Matches num, where num is a positive integer. Represents a reference to the obtained match I won’t support it \num \num
[:alnum:] Matches any letter or number ([a-za-z0-9]), for example: ‘[[: alnum:]]]’ [:alnum:] [:alnum:] [:alnum:] [:alnum:]
[:alpha:] Match any letter ([a-za-z]), for example: ‘[[: alpha)]]’ [:alpha:] [:alpha:] [:alpha:] [:alpha:]
[:digit:] Match any number ([0-9]), for example: ‘[[: digit)]]’ [:digit:] [:digit:] [:digit:] [:digit:]
[:lower:] Matches any lowercase letter ([A-Z]), for example: ‘[[: lower)]]’ [:lower:] [:lower:] [:lower:] [:lower:]
[:upper:] Match any capital letter ([A-Z]) [:upper:] [:upper:] [:upper:] [:upper:]
[:space:] Any white space character: support tab character, space, for example: ‘[[: Space:]]’ [:space:] [:space:] [:space:] [:space:]
[:blank:] Spaces and tabs (horizontal and vertical), for example: ‘[[: blank]]’ ó ‘[\ s / T / v]’ [:blank:] [:blank:] [:blank:] [:blank:]
[:graph:] Any character that can be seen and printed (Note: spaces and line breaks are not included), for example: ‘[[: graph:]]’ [:graph:] [:graph:] [:graph:] [:graph:]
[:print:] Any character that can be printed (Note: does not include: [: CNTRL:], string terminator ‘\ \ 0’, EOF file Terminator (- 1), but includes space symbols), for example: ‘[[: Print:]]’ [:print:] [:print:] [:print:] [:print:]

[:cntrl:]

Any control character (the first 32 characters in the ASCII character set, i.e. decimal representation from 0 to 31, such as line feed, tab, etc.), for example: ‘[[: CNTRL:]]’

[:cntrl:]

[:cntrl:]

[:cntrl:]

[:cntrl:]

[:punct:] Any punctuation mark (excluding the character sets: [: alnum:], [: CNTRL:], [: Space:]) [:punct:] [:punct:] [:punct:] [:punct:]
[:xdigit:] Any hexadecimal number (i.e. 0-9, A-F, A-F) [:xdigit:] [:xdigit:] [:xdigit:] [:xdigit:]
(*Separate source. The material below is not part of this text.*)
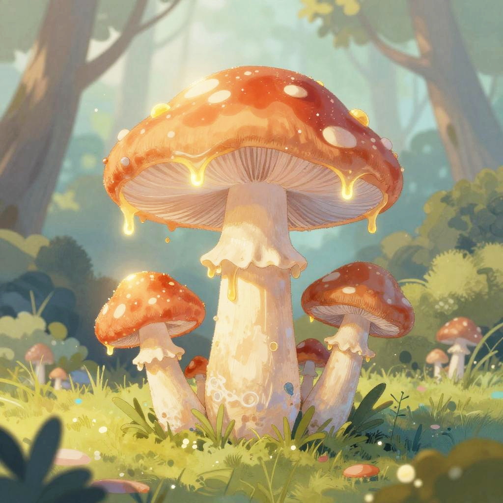 Dripping mushroom drawing, close-up of a giant toadstool with melting colorful caps, intricate line art, dark forest setting, fantasy illustration with glowing effects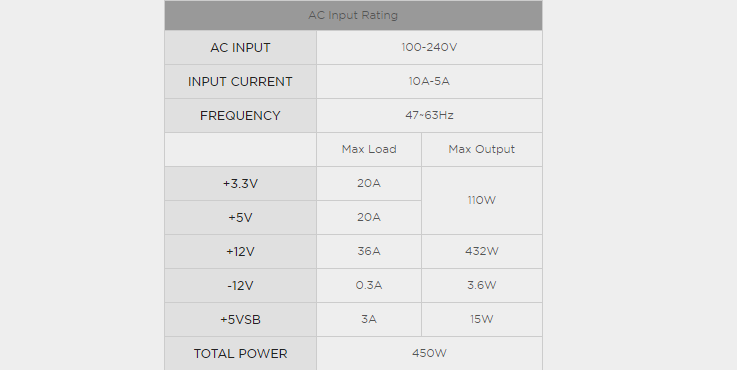 | Công suất | 450W |

This article on the grep use “﹣ D” matching number is not successful to solve the article here, more related grep “﹣ D” matching number content, please search the previous articles of developpaer or continue to browse the related articles below, I hope you can support developeppaer more in the future!